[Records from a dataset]
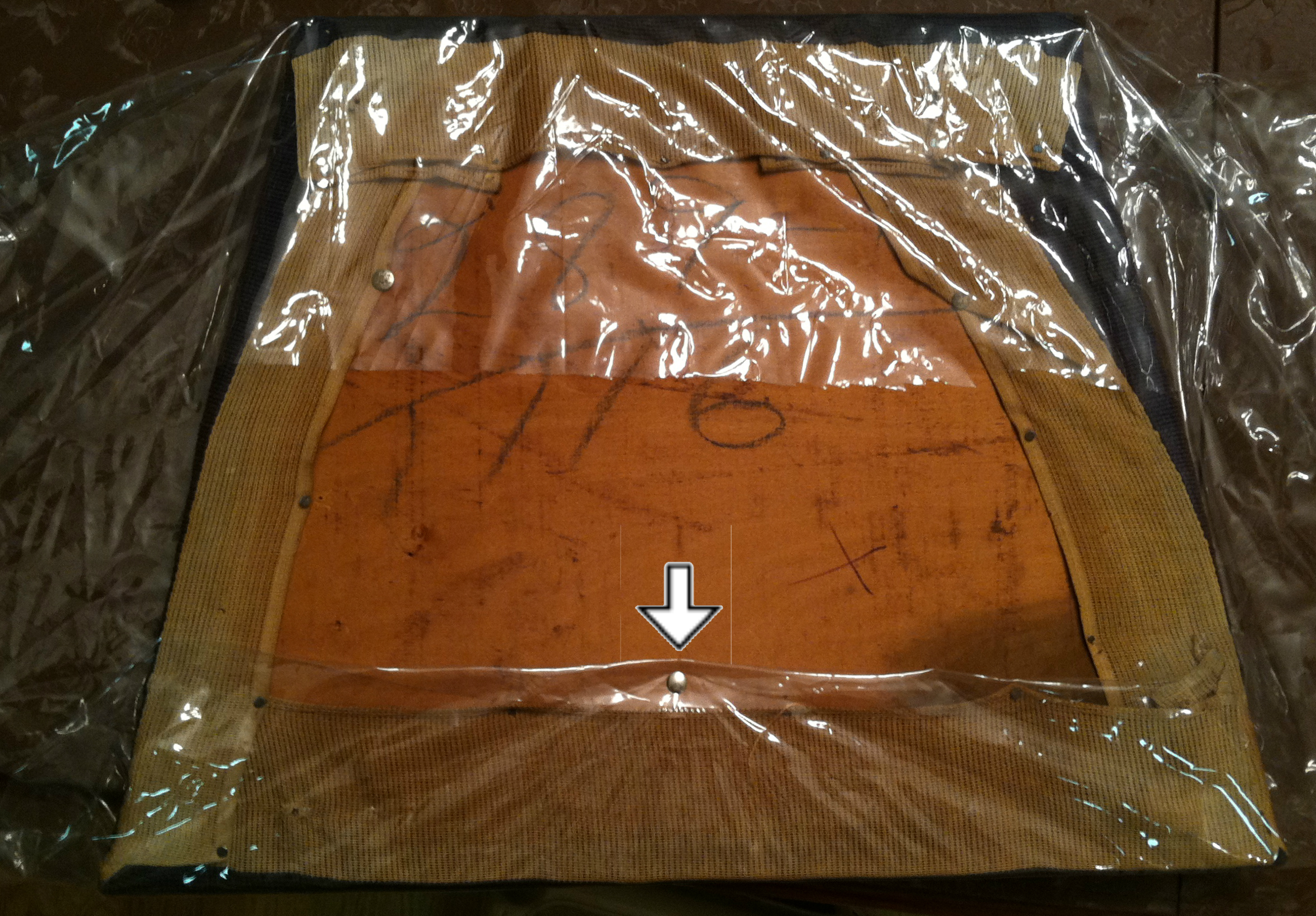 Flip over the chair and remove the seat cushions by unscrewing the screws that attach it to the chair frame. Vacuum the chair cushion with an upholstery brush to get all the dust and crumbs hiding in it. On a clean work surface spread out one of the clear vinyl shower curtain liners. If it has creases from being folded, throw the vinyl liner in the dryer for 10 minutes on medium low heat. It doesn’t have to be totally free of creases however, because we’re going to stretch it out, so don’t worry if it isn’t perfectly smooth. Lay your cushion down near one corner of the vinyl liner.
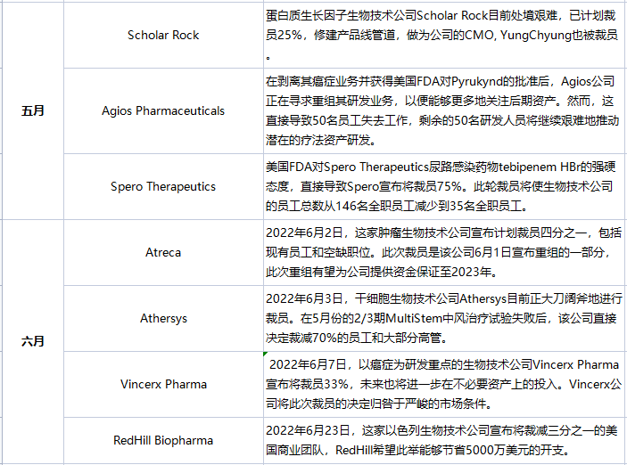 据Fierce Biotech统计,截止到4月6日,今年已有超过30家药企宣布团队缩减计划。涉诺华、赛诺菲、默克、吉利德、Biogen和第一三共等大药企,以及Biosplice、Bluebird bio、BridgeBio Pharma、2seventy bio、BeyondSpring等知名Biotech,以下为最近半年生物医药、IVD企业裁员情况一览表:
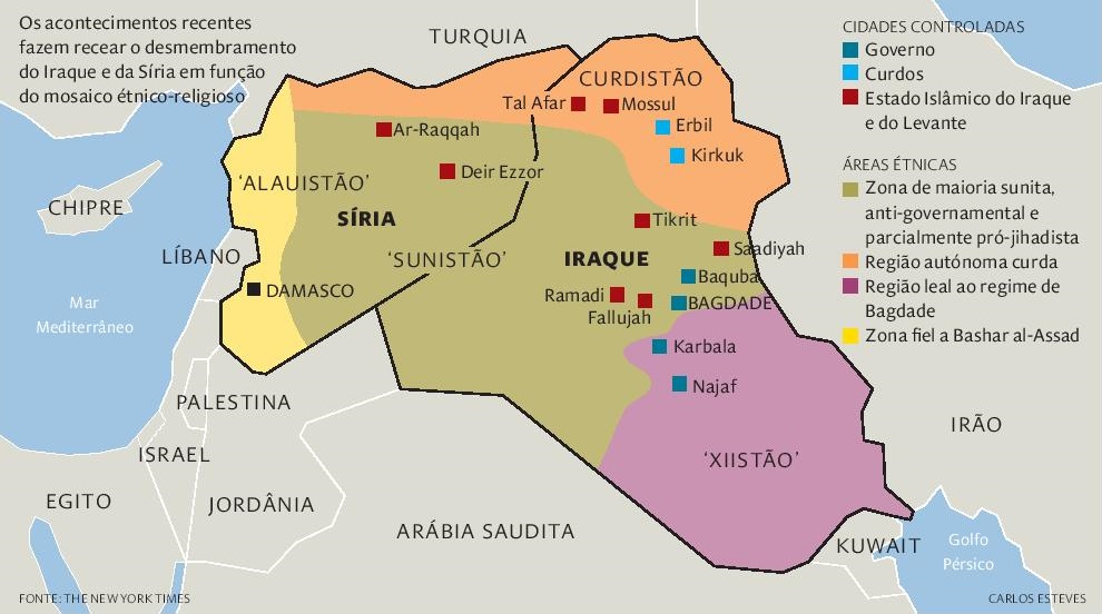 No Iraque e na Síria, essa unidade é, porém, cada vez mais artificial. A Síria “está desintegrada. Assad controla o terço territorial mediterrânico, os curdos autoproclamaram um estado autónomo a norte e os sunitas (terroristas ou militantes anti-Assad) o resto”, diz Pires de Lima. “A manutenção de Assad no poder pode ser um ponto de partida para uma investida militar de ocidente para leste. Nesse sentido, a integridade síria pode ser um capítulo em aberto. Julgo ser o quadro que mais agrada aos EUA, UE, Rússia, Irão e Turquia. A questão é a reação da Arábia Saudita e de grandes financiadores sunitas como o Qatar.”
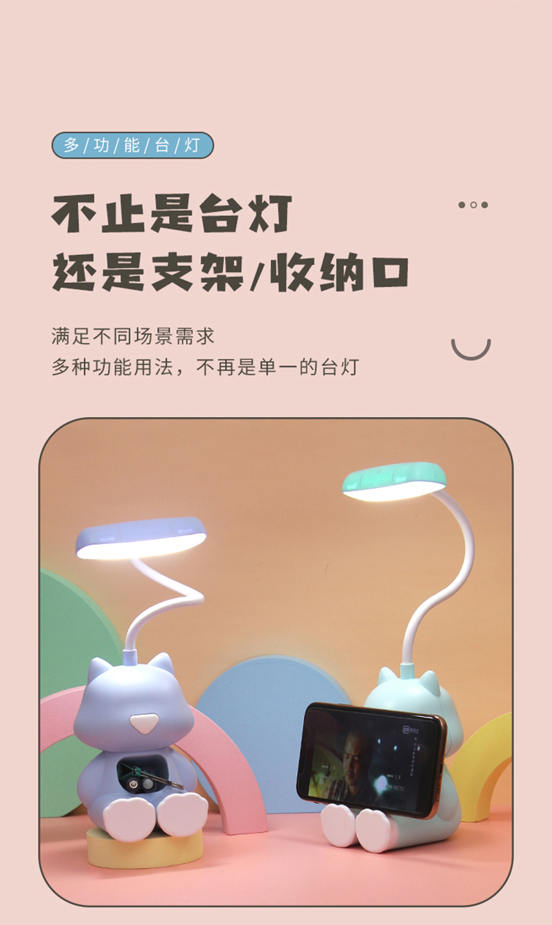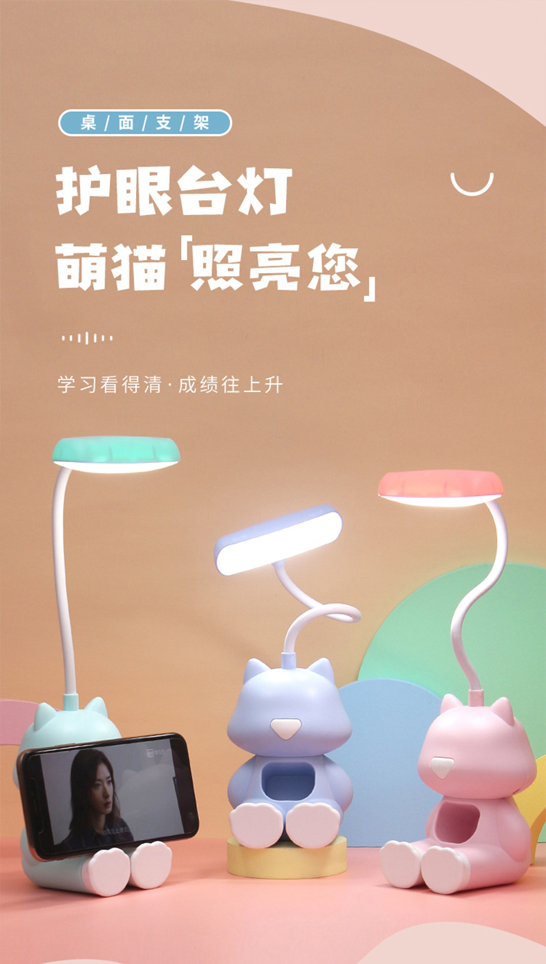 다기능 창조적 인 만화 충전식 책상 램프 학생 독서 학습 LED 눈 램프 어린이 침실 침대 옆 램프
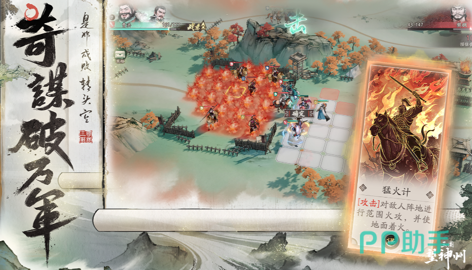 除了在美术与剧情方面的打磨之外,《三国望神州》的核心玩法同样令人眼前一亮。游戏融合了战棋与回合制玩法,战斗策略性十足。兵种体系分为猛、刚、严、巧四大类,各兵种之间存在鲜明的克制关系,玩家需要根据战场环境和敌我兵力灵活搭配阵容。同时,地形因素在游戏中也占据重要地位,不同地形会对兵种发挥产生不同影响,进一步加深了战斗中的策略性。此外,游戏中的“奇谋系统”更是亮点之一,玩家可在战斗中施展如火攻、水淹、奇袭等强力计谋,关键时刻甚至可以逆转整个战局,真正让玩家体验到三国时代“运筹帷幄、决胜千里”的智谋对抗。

Work task:
No pictures belong in the copy; output every record exactly.

Exercise result:
 Flip over the chair and remove the seat cushions by unscrewing the screws that attach it to the chair frame. Vacuum the chair cushion with an upholstery brush to get all the dust and crumbs hiding in it. On a clean work surface spread out one of the clear vinyl shower curtain liners. If it has creases from being folded, throw the vinyl liner in the dryer for 10 minutes on medium low heat. It doesn’t have to be totally free of creases however, because we’re going to stretch it out, so don’t worry if it isn’t perfectly smooth. Lay your cushion down near one corner of the vinyl liner.
 据Fierce Biotech统计,截止到4月6日,今年已有超过30家药企宣布团队缩减计划。涉诺华、赛诺菲、默克、吉利德、Biogen和第一三共等大药企,以及Biosplice、Bluebird bio、BridgeBio Pharma、2seventy bio、BeyondSpring等知名Biotech,以下为最近半年生物医药、IVD企业裁员情况一览表:
 No Iraque e na Síria, essa unidade é, porém, cada vez mais artificial. A Síria “está desintegrada. Assad controla o terço territorial mediterrânico, os curdos autoproclamaram um estado autónomo a norte e os sunitas (terroristas ou militantes anti-Assad) o resto”, diz Pires de Lima. “A manutenção de Assad no poder pode ser um ponto de partida para uma investida militar de ocidente para leste. Nesse sentido, a integridade síria pode ser um capítulo em aberto. Julgo ser o quadro que mais agrada aos EUA, UE, Rússia, Irão e Turquia. A questão é a reação da Arábia Saudita e de grandes financiadores sunitas como o Qatar.”
 다기능 창조적 인 만화 충전식 책상 램프 학생 독서 학습 LED 눈 램프 어린이 침실 침대 옆 램프
 除了在美术与剧情方面的打磨之外,《三国望神州》的核心玩法同样令人眼前一亮。游戏融合了战棋与回合制玩法,战斗策略性十足。兵种体系分为猛、刚、严、巧四大类,各兵种之间存在鲜明的克制关系,玩家需要根据战场环境和敌我兵力灵活搭配阵容。同时,地形因素在游戏中也占据重要地位,不同地形会对兵种发挥产生不同影响,进一步加深了战斗中的策略性。此外,游戏中的“奇谋系统”更是亮点之一,玩家可在战斗中施展如火攻、水淹、奇袭等强力计谋,关键时刻甚至可以逆转整个战局,真正让玩家体验到三国时代“运筹帷幄、决胜千里”的智谋对抗。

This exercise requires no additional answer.